[WORK TASK] Span requested from the data below: the line with "Meet Frosty. A" through the line with "This signed original", both included. Give only these lines again, exactly, and leave every picture out.
-------- DATA SECTION
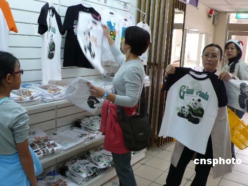大陸贈(zèng)臺(tái)大熊貓“團(tuán)團(tuán)”“圓圓”十二月二十三日晚間抵達(dá)臺(tái)北市立動(dòng)物園。動(dòng)物園內(nèi)紀(jì)念品商店里的大熊貓相關(guān)商品進(jìn)貨數(shù)量激增,民眾購(gòu)買(mǎi)熱情高漲。圖為臺(tái)灣民眾在選購(gòu)印有大熊貓圖案的T恤衫。中新社發(fā) 路梅 攝
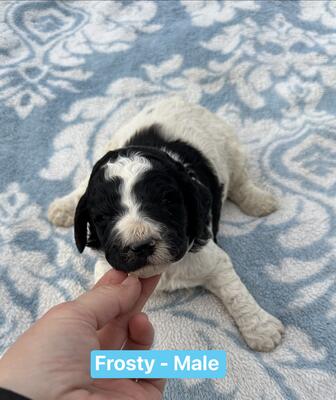 Meet Frosty. A striking black and white parti AKC Standard Poodle male with bold markings. Our pup...
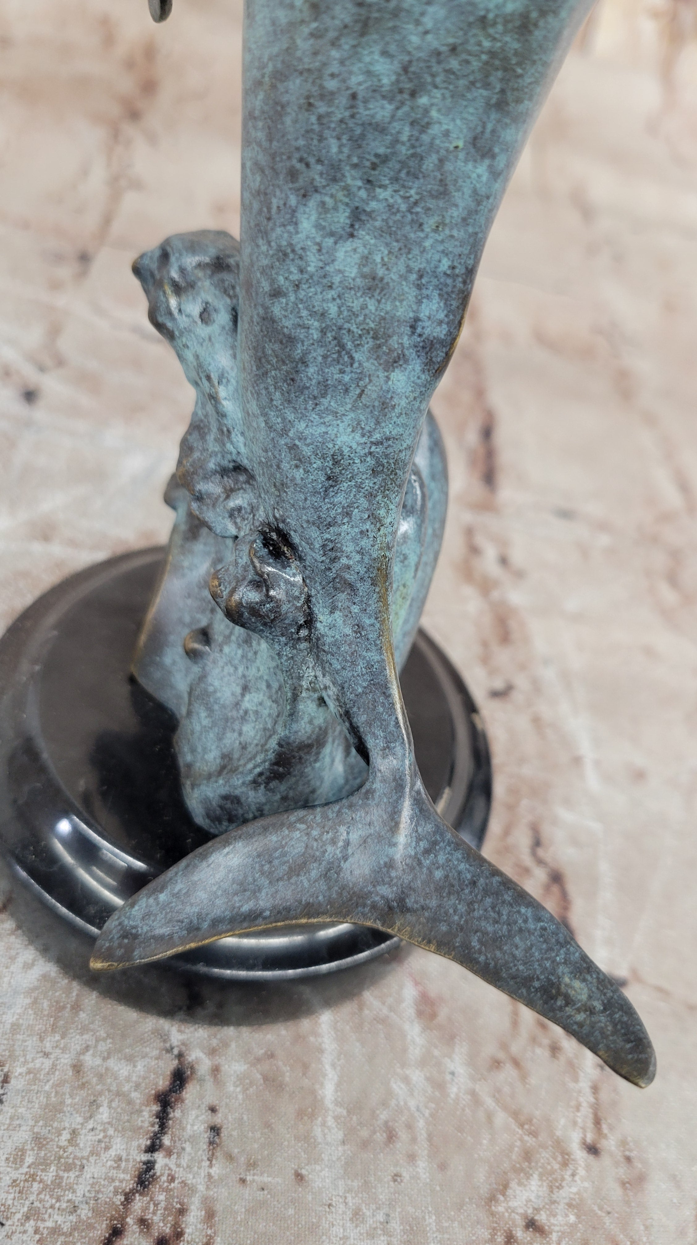 This signed original artwork is perfect for marine life enthusiasts and those who appreciate fine bronze sculptures. Ideal for a living room, office, or study, this timeless piece serves as a beautiful tribute to the majesty of the natural world.Bronze Dimensions with Marble Base: Height 9" X Width 6.5"
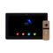 Состоит из цветного видеодомофона черного цвета с сенсорным IPS экраном 10 дюймов и цветной вызывной панели золотистого цвета с разрешением HD 1280x720 и накладным способом установки. К домофону возможно подключить 2 AHD/TVI/CVI видеопанели с разрешением Full HD или 2 аналоговые вызывные панели и 2 AHD/TVI/CVI с разрешением Full HD или 2 аналоговые видеокамеры, поддерживается запись фото/видео, есть детектор движения на 4 канала (одновременно запись с 1, где есть движение), слот для карт памяти до 32ГБ.
----------------
[SOLUTION TO THE PROBLEM]
 Meet Frosty. A striking black and white parti AKC Standard Poodle male with bold markings. Our pup...
 This signed original artwork is perfect for marine life enthusiasts and those who appreciate fine bronze sculptures. Ideal for a living room, office, or study, this timeless piece serves as a beautiful tribute to the majesty of the natural world.Bronze Dimensions with Marble Base: Height 9" X Width 6.5"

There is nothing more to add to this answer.